Now trying to understand the code, i clean it up and try to make a fit distribution to a normal:
import pandas as pd
import numpy as np
import matplotlib.pyplot as plt
from scipy.stats import norm
df = pd.read_csv("datasets/birth_data.csv")
df["DBWT"] = pd.to_numeric(df["DBWT"], errors="coerce")
bw = df["DBWT"].dropna()
mu, sigma = norm.fit(bw)
print(f"Normal ajustada: μ={mu:.2f}, σ={sigma:.2f}")
xmin, xmax = bw.min(), bw.max()
x = np.linspace(xmin, xmax, 300)
pdf = norm.pdf(x, mu, sigma)
plt.hist(bw, bins=30, density=True, alpha=0.5, label="Data")
plt.plot(x, pdf, "r-", lw=2, label=f"Normal fitted μ={mu:.1f}, σ={sigma:.1f}")
plt.title("Normal distribution fitted to weight")
plt.xlabel("Weight (g)")
plt.legend()
plt.grid(True)
plt.show()
Normal ajustada: μ=3260.11, σ=589.55
there is a little deviation on the left (we know that its because there are more data on lower weights than in higher.
So lets try to make it fit to a gamma distribution:
from scipy.stats import gamma
shape, loc, scale = gamma.fit(bw)
print("Gamma parameters:", shape, loc, scale)

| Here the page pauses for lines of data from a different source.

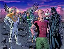 The Authority, as featured on the cover for the Under New Management trade paperback (Nov. 2000). From left to right, the Doctor, Swift, Apollo, Jenny Sparks, Midnighter, the Engineer, and Jack Hawksmoor, with the infant Jenny Quantum at the back. Art by Frank Quitely.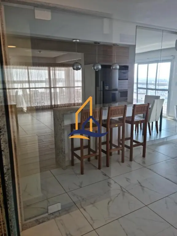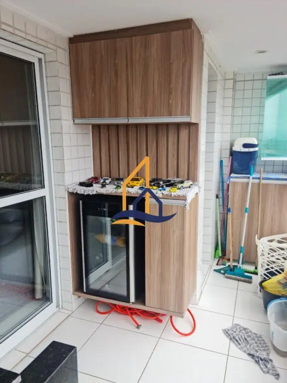 Sacada em L com vidro, armários embutidos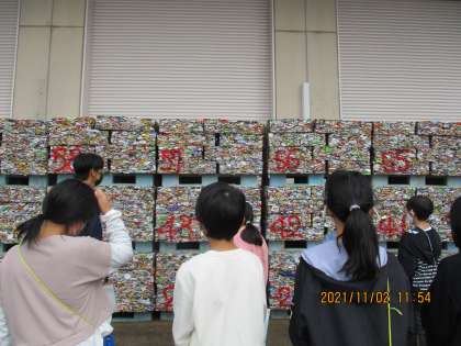 富山地区広域圏リサイクルセンターでは、燃えないゴミやビン、カン等の処理の仕組みを学びました。分別は大切だと改めて思う子供たちでした。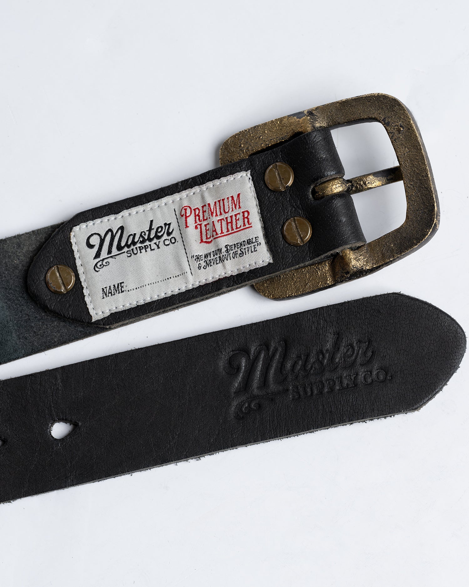 Crafted for the long haul, our Master Supply Co leather belts are a rugged and versatile addition to your collection. Made from 100% vegetable-tanned buffalo leather, these belts boast a robust 4.2mm thickness, ensuring durability and longevity. The solid brass hardware is built to last, while the Master embossed adds subtle branding.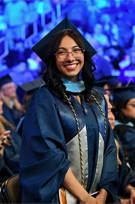 Please arrive dressed in your cap and gown for the commencement ceremony. Due to the number of graduates and precise schedule, it is not practical to change into regalia at the venue.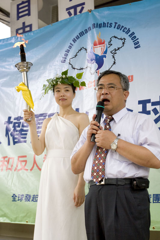![]() 树林市市长陈世荣亲自迎接人权圣火 |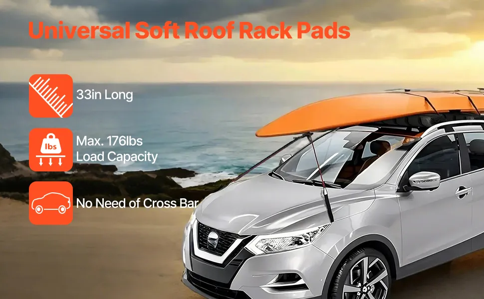 Our 33-in soft roof rack pads are compatible with most vehicles with or without side rails, providing up to 176 lbs load capacity. Crafted from soft yet durable materials, these kayak roof rack pads ensure a secure and reliable solution for transporting kayaks, canoes, SUPs, snowboards, etc.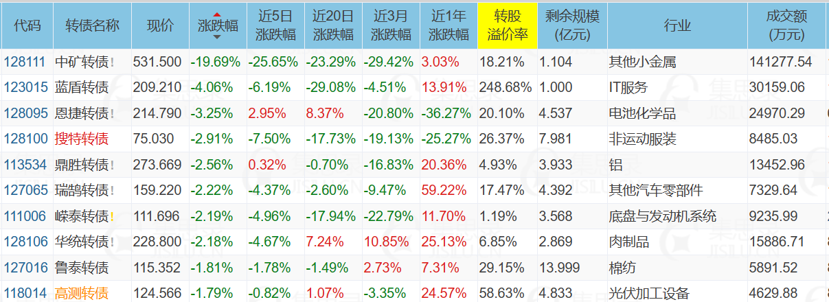 2、中矿转债,今天暴跌19%,因为正股中矿资源,低价增发股份,导致转股价由原来的11.01元/股调整为15.88元/股,转股价被动上调了30%,目前转股价值450,给10%溢价,合理价格在500元左右,当前溢价18%还是略高了。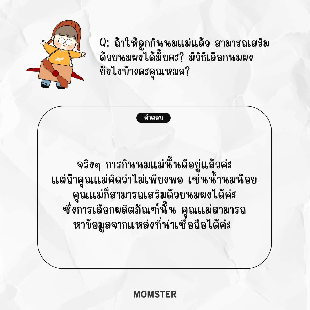 : จริงๆ การกินนมแม่นั้นดีอยู่แล้วค่ะ แต่ถ้าคุณแม่คิดว่าไม่เพียงพอ เช่นน้ำนมน้อย คุณแม่ก็สามารถเสริมด้วยนมผงได้ค่ะ ซึ่งการเลือกผลิตภัณฑ์นั้นคุณแม่สามารถหาข้อมูลจากแหล่งที่น่าเชื่อถือได้ค่ะ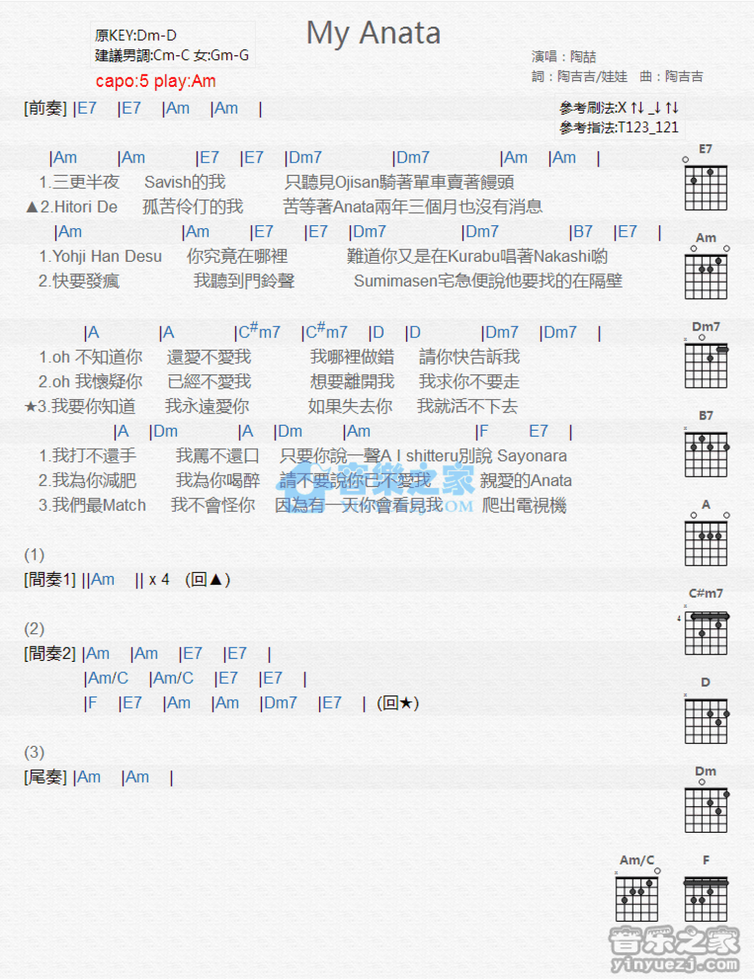 曲谱介绍: Am调版 陶础My Anata》吉他和弦弹唱谱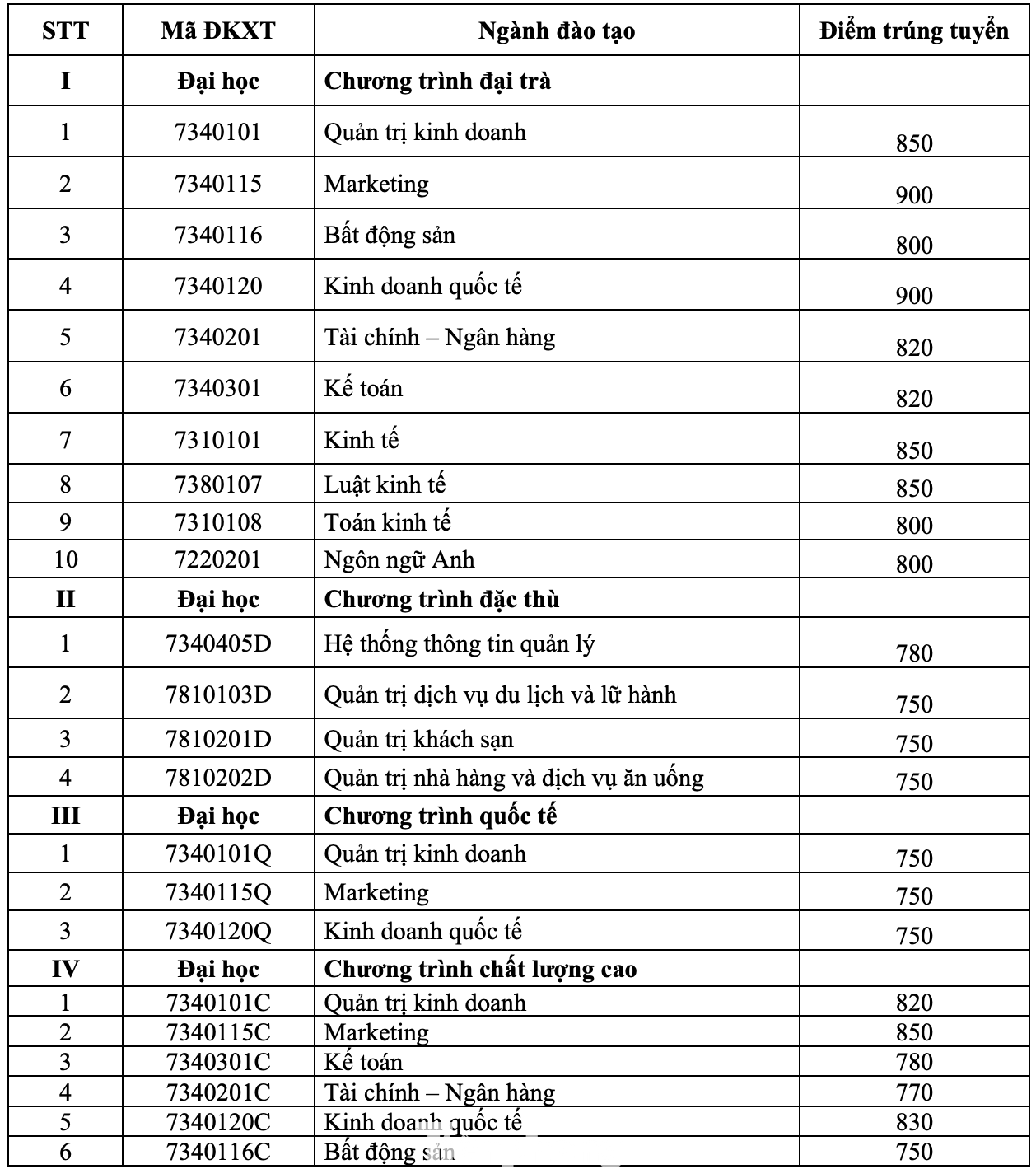- Có điểm xét tuyển bằng hoặc lớn hơn điểm trúng tuyển của từng ngành đào tạo, từng chương trình đào tạo theo từng phương thức xét tuyển tương ứng.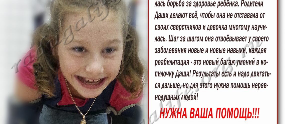 Даше 9 лет. Для оплаты её лечения требуется 110.000 рублей. Намеченный курс реабилитации для Даши далеко не первый — девочка лечилась в десятке с лишним клиник, а в некоторых из них бывала неоднократно. Но за помощью её родители обращаются впервые. К нам, в фонд «Радуга жизни», обратилась мама девочки, Ольга. Вот что она рассказала в своем письме о заболевании Даши и о её продолжительном лечении. Даша родилась недоношенной, на сроке 31-32 недели. В 1.5 месяца ей сделали УЗИ головного мозга и поставили диагноз: перивентрикулярная кистозная лейкомаляция и как следствие — ДЦП в тяжелой форме. С этого дня у нас начался …

pdf = gamma.pdf(x, shape, loc=loc, scale=scale)
plt.hist(bw, bins=30, density=True, alpha=0.5)
plt.plot(x, pdf, "m-", label="Gamma fitted")
plt.legend()
plt.grid(True)
plt.show()
Gamma parameters: 411.3949066569892 -9083.014801092791 29.981664624790938
still there are a little deviation to the left.